-------- SOURCE RECORDS --------

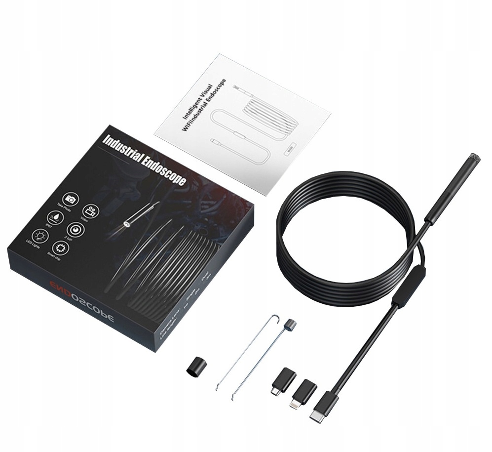 Конец эндоскопа с камерой водонепроницаемый на уровне IP67, поэтому их можно использовать и под водой. Отличное изображение и высококачественные материалы, из которых изготовлен прибор, обеспечивают хорошую работу эндоскопа в любых условиях!
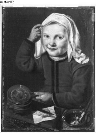 Fundmeldung Mädchen, einen Fladen backend Hersteller/Künstler:in Woutersz, Jan (?) Objektart Gemälde Material / TechnikÖl ; Holz / gemaltLost Art-ID244989
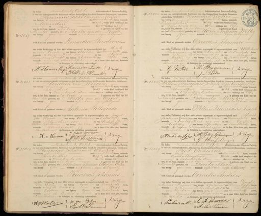 No. 12019 Op heden zesentwintig October Achttienhonderd Zeven-en-Tachtig is voor ons ondergeteekende Ambtenaar van den Burgerlijken Stand der Gemeente Amsterdam, verschenen: Henricus Jacob Canne Meijer van beroep Timmerman oud negenentwintig Jaren, wonende Marnixstraat No. 193, welke heeft verklaard dat Heden des voormiddags ten Vijf ure, in het huis, staande als boven is geboren een Kind van het Mannelijk geslacht, uit Maria van der Linde van beroep geen wonende als boven, zijne Echtgenoot welk Kind zal genaamd worden Leonardus Hendricus.van welke Verklaring wij deze Akte hebben opgemaakt in tegenwoordigheid van Hendrik van der Linde van beroep schilder oud zevenenviftig Jaren, wonende Anjeliersstraat 25 en van Hendrik homas van Munster van beroep Tabakswerker oud vijftig Jaren, wonende Marnenstraat 193 en is deze Akte door ons, benevens DenVader en de Getuigen, na voorlezing onderteekend. H vander Linde Driessen H HCanne Meijer Htle Jan Renster No. 12025 Op heden Zesentwintig October Achttienhonderd Zeven-en-Tachtig, is voor ons ondergeteekende Ambtenaar van den Burgerlijken Stand der Gemeente Amsterdam, verschenen: Gerardus, Pootiervan beroep Timmerman oud vijfentwintig Jaren, wonende 1501n Bilderdijkstraat No. 99 welke heeft verklaard dat. 2 1 op vijfentwintig dezer des voor middags ten Vyf ure, in het huis, staande als boven, is geboren een Kind van het Mannelijk geslacht, uit Maria Antonia Wettig van beroep geen wonende als boven zijne Echtgenoot welk Kind zal genaamd worden Gerardus Johannes van welke Verklaring wij deze Akte hebben opgemaakt in tegenwoordigheid van Wilhelmu Brugman — van beroep schoenmaker oud zesendertig Jaren wonende Nieuwe Zyds voorburgwal 90 en van Johannes Bakker van beroep werkman oud zesendertig Jaren wonende Dirk van Hasseltsteeg 28 en is deze Akte door ons, benevens Den vaderen de Getuigen, na voorlezing onderteekend. G. Violier 2 W. Brugman Driessen Jakker No. 12.021 Op heden Zesentwintig Oetster Achttienhonderd Zoven-en-Tachtig is voor ons ondergeteekende Ambtenaar van den Burgerlijken Stand der Gemeente Amsterdam, verschenen Hendrik van Werven van beroep werkman oud vierentwintig Jaren, wonende Bloemstraat No. 111, welke heeft verklaard dat op Drie en twintig dezer des na middags ten drie ure, in het huis, staande als boven is geboren een Kind van het Vrouwelyk geslacht, uit Hiltje van der Geestvan beroep geen wonende als boven zyne chtgenoot welk Kind zal genaamd worden Antonia Hillegonda van welke Verklaring wij deze Akte hebben opgemaakt in tegenwoordigheid van Jannes van Werven van beroep werkman oud achten vijftig Jaren, wonende Bloemstraat 185 en van Hendrik Jan Willem Susanna van beroep werkman oud Tweeen vijftig Jaren, wonende Elandsgracht 99 en is deze Akte door ons, benevens Den Vaderen de Getuigen, na voorlezing onderteekend. H. v. Werven 2 J van Werven Driecsen HJW Susanna No. 12027 Op heden Zesentwintig October Achttienhonderd zeven-en-Tachtig 4 is voor ons ondergeteekende Ambtenaar van den Burgerlijken Stand der Gemeente, Amsterdam, verschenen Willem Franciscus Joseph Trubendorf Ver van beroep Bediende oud drieentwintig Jaren wonende Bloemstraat No. 33, welke heeft verklaard dat op Vijf en twintig dezer des na middags ten Vijf ure, in het huis, staande als boven, is geboren een Kind van het Mannelik geslacht, uit Barendje Mombers van beroep geen wonende als boven zijne Echtgenot welk Kind zal genaamd worden Willem Franciscus Joseph van welke Verklaring wij deze Akte hebben opgemaakt in tegenwoordigheid van Hendrik Jacobus van Greuningen van beroep werkman oud negenendertig Jaren wonende Anjeliersstraat 107 en van Gerardus Hesseling van beroep Koperslager oud Tweeen veertig Jaren, wonende Nieuwe Nieuwstraat 13 en is deze Akte door ons, benevens Den Vaderen de Getuigen, na voorlezing onderteekend. Dreessen Trerbensertseg H: J Van Greeningin 3 G Hesseling No. 12023 Op heden Zesentwintig October Achttienhonderd Zeven-en-Tachtig is voor ons ondergeteekende Ambtenaar van den Burgerlijken Stand der Gemeente Amsterdam, verschenen: Henricus Johannes Wessels van beroep Handelaar oud negenentwintig Jaren, wonende Bomolen Straat No. 19, welke heeft verklaard dat op Vieren twintig dezer des na middags ten Zeven ure, in het huis, staande als boven is geboren een Kind van het llannelijk geslacht, uit Alberdina Johanna Ciiza van Essen van beroep geen wonende als boven, zijne Echtgenoot welk Kind zal genaamd worden Henricus Johannes van welke Verklaring wij deze Akte hebben opgemaakt in tegenwoordigheid van Willem van Eessen van beroep Geen oud zesenzestig Jaren, wonende als de Oudersg en van Event van Oostveen van beroep geen oud zesenVeertig Jaren, wonende als de Ouders 9 en is deze Akte door ens, benevens Den vaderen de Getuigen, na voorlezing onderteekend. Driessen WJ Weele W van Elfer 3 En Oostven No. 12029 Op heden Zesentwintig October Achttienhonderd Zeven-en-Tachtig is voor ons ondergeteekende Ambtenaar van den Burgerlijken Stand der Gemeente Amsterdam, verschenen: Piet Cahuzak van beroep Werkman oud drie en dertig Jaren, wonende Goudsbloemstraat No. 130, welke heeft verklaard dat op zesentwintig dezer des voor middags ten zes ure, in het huis, staande als boven is geboren een Kind van het Mannelijk geslacht, uit Doortje Sloot van beroep geen wonende als boven zijne Echtgenoot welk Kind zal genaamd worden Cornelis Andries van welke Verklaring wij deze Akte hebben opgemaakt in tegenwoordigheid van Cornelis Andries Purmer van beroep werkman oud zevenentwintig Jaren wonende Niuwe Leliestraat 148 en van Adrianus van Viersen van beroep werkman oud drieendertig Jaren wonende Goudsbloemstraat 130 en is deze Akte doorons, beneven Lentaderen de Getuigen, na voorlezing onderteekend. Driesse Cnhrezak. HC Nourmer 3 A. Van Viersen
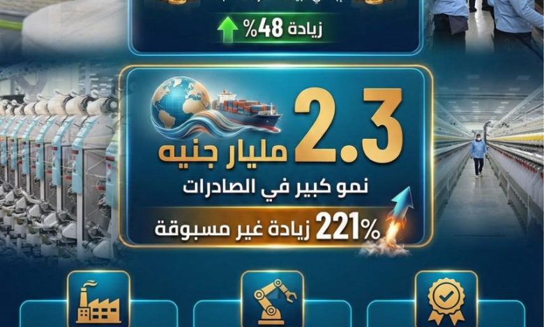 بالإنفوجراف.. كشفت المؤشرات المالية للشركة القابضة للقطن والغزل والنسيج والملابس الجاهزة، التابعة لوزارة قطاع الأعمال العام، عن تحقيق أداء مالي قوي ونمو ملحوظ في المبيعات والصادرات خلال العام المالي 2024–2025، بالتزامن مع تشغيل المرحلة الأولى من المشروع القومي لتطوير صناعة الغزل والنسيج في أواخر عام 2024. وأظهرت البيانات قفزة كبيرة في إجمالي مبيعات الشركات التابعة، التي بلغت 6.2 مليار جنيه، محققة زيادة قدرها 48% مقارنة بالعام المالي السابق، إلى جانب تحقيق نمو غير مسبوق في الصادرات بنسبة 221%، وبقيمة وصلت إلى 2.3 مليار جنيه، وهو ما يعكس جودة المنتجات الجديدة وقدرتها التنافسية العالية في الأسواق العالمية.
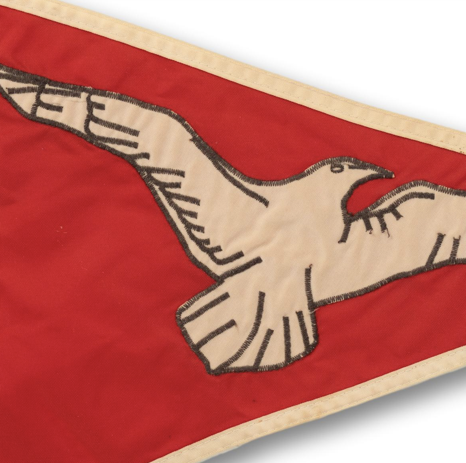 Seagull appliqué on red nylon with white edging
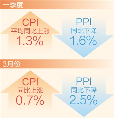 本報北京4月11日電 (記者劉志強)國家統計局11日發布數據顯示:3月份,CPI(居民消費價格指數)同比上漲0.7%,漲幅比上月回落0.3個百分點;PPI(工業生產者出廠價格指數)同比下降2.5%,降幅比上月擴大1.1個百分點。從一季度看,CPI平均同比上漲1.3%,PPI同比下降1.6%。一季度CPI持續運行在合理區間,物價保持平穩運行,為全年物價穩定奠定了堅實基礎。
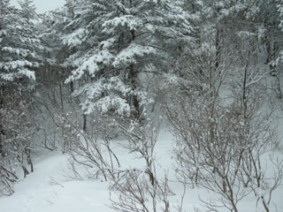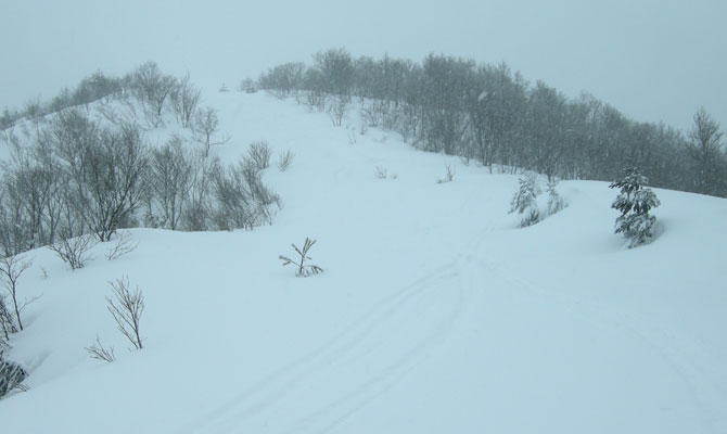 昨夜の新雪は頂上に近づくにつれ多くなり
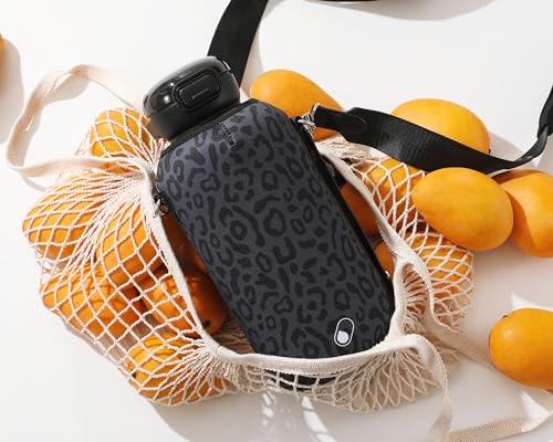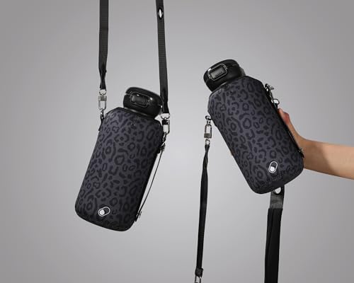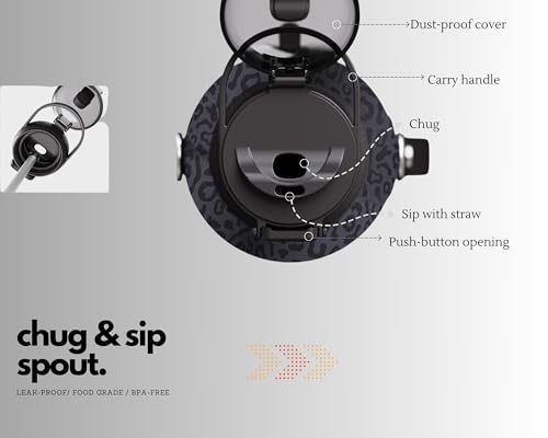 H2O Capsule Half Gallon Insulated Water Bottle With Straw - Stainless Steel Thermos Water Bottle With Sipping/Chugging Lid & Shoulder Strap For Storage - 64 oz Vacuum Flask, Hot Cold (Black Leopard)
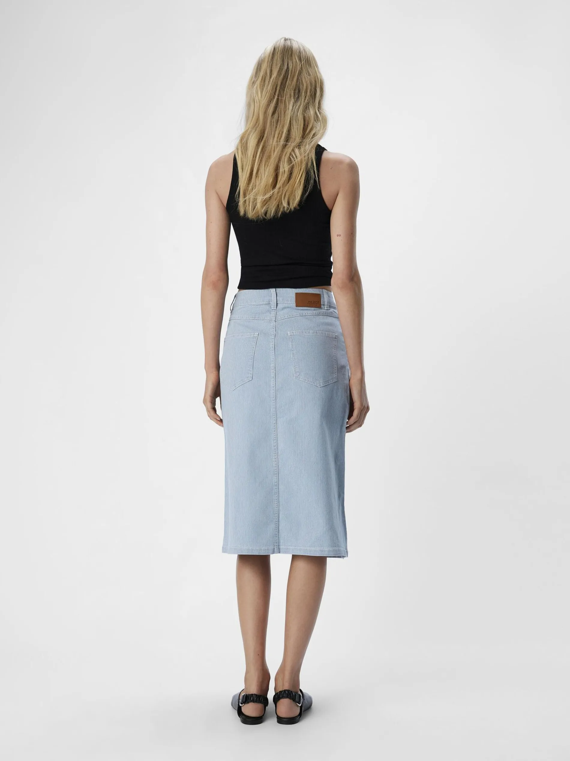-Denim midirok- Mid-waist met riemlussen- 5-pocket design- Rits- en knoopsluiting- Split aan de voorkant- Regular fit
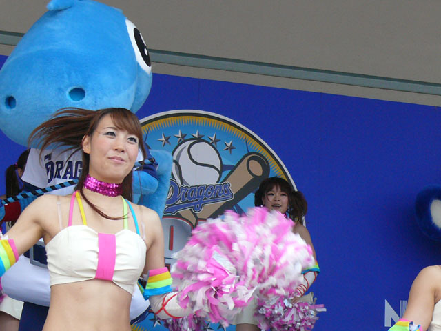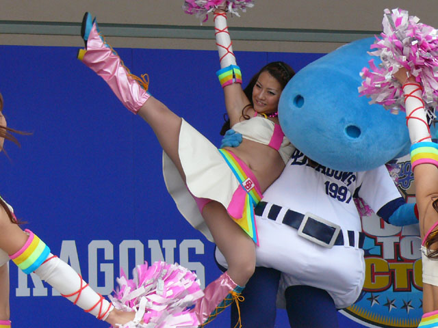 携帯サイトのドラゴンズ情報(有料サイト)に、チアドラゴンズ日記があるんですが、そこに掲載されなかった日記がドラゴンズオンラインマガジン(これまた有料)のチアドラボツ日記に掲載されてます。 (6月までしか載ってないんで、早く7月、8月見たいんですが石黒さん) で、そこで佐藤綾乃ちゃんの「シャオちゃんのおなかを叩いて怒らせちゃいました~」っていう日記がありました。 佐藤綾乃ちゃん。今年のチアドラのなかで一番背が高い子です。 で、大分前のことなんですが、シャオロンに「あやのちゃん許してあげなよ~」と言ったら。 「いやいや、アイツは、シャオのおなかを、グーで、バンバンバンバンと、4回、叩いた」 と、ジェスチャーで答えてくれたw なので、「ちっちゃいことは~気にするな~♪」(←シャオロンデー後)と言ったら、 「ちっちゃくない!ちっちゃくない!」 と首と手を振り、大否定してくれた。 おなかはでかいよ。 でもそこはメインマスコットとして寛大なココロを持ってあやのちゃんと仲良くしてよと言ってみた。 で、先日、あやのちゃんと話す機会がありまして。 あやのちゃん、シャオロンと仲良くやってる?と聞いてみました。 そしたら、あやのちゃんめっちゃ顔しかめてて。あぁ、仲良くないんかいw あ:「でも最近ちょっとシャオロン優しくなってきました、でもこの前JOYRIDEでタオル当てたからまた怒ってるかも~」 あ~、また根に持ってるかもしれんあの小龍。 そうだ。 私:「ねぇ、今度のD-STAGEでシャオロンに持ち上げてもらったら?」 あ:「え?160cm以上ありますよ?」 私:「大丈夫だよ、シャオロン力持ちだから!」 このシーンね。(持ち上げられているのはまみちゃん) シャオ様ならきっとあやのちゃんも持ち上げることができると思うんです。 で、そのことをシャオロンに、その日の試合終了後のグリーティングで話してみる。 私:「シャオロン、今度のD-STAGEであやのちゃんを持ち上げてよ!」 シャ:「!」 シャオロン、しばし固まってから、腰をトントンと叩く・・・・・・ 腰痛めるんかい! いやいや、D-STAGEが9/26、27と追加で開催されることが決まりましたから! 是非、シャオロンにあやのちゃんを持ち上げていただきたいです。 いろいろと、水に流してw シャオロンとあやのちゃんが仲良く踊るところを見てみたいよ。
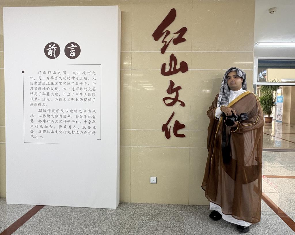 伊拉克籍留学生穆之言(ALKAWMANI MOHAMMED TALIB FARHOOD)作为留学生代表,受邀参与这场文化盛宴,以独特视角感受红山文化的魅力,开启了一段探寻中华文明起源的奇妙之旅。
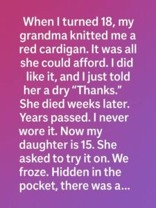 When I turned 18, my grandma gave me a red cardigan — hand-knitted, simple, not expensive.!
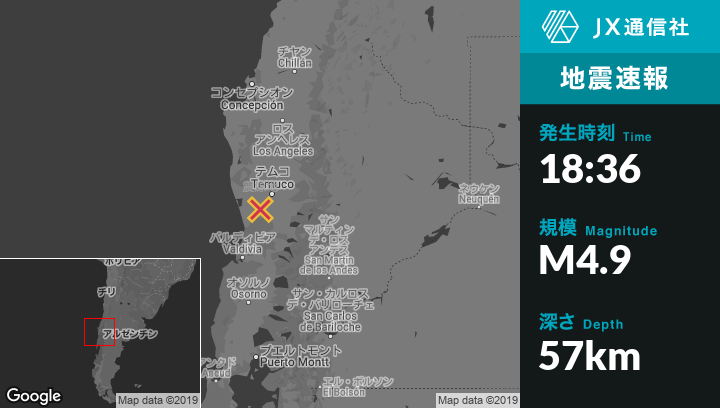 10月21日 18:36頃、チリのPitrufquenから西北西19kmの地点でM4.9の地震がありました。
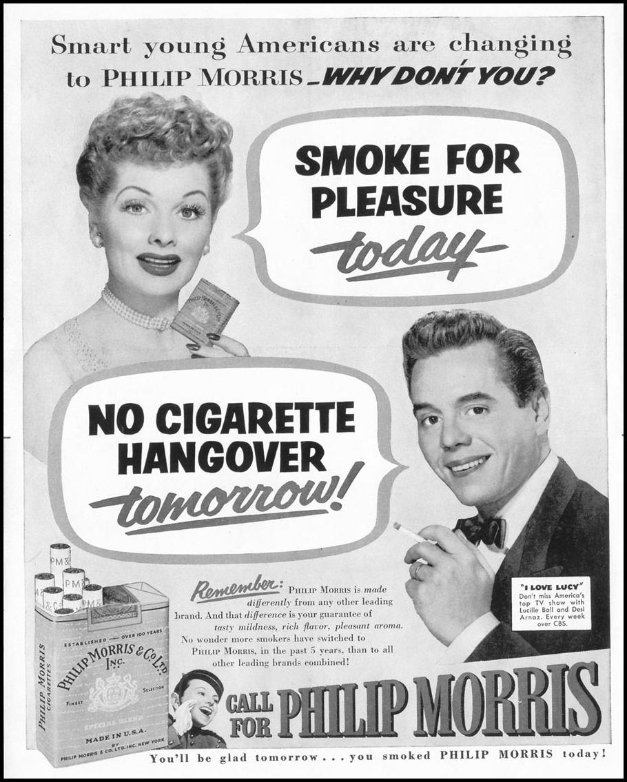If you can’t read the teeny tiny disclaimer at the bottom, it says “We do not say that smoking Luckies reduces flesh. we do say when tempted to overindulge, ‘Reach for a Lucky instead.'” No, they don’t say it, but “face the facts!” In all but words, that is what the ad is saying.

--------

PROMPT ▸ Output the data above exactly, beginning at its first line and ending with the line that holds "Fundmeldung Mädchen, einen". Leave out the pictures and add nothing.

WRITTEN ANSWER ▸
 Конец эндоскопа с камерой водонепроницаемый на уровне IP67, поэтому их можно использовать и под водой. Отличное изображение и высококачественные материалы, из которых изготовлен прибор, обеспечивают хорошую работу эндоскопа в любых условиях!
 Fundmeldung Mädchen, einen Fladen backend Hersteller/Künstler:in Woutersz, Jan (?) Objektart Gemälde Material / TechnikÖl ; Holz / gemaltLost Art-ID244989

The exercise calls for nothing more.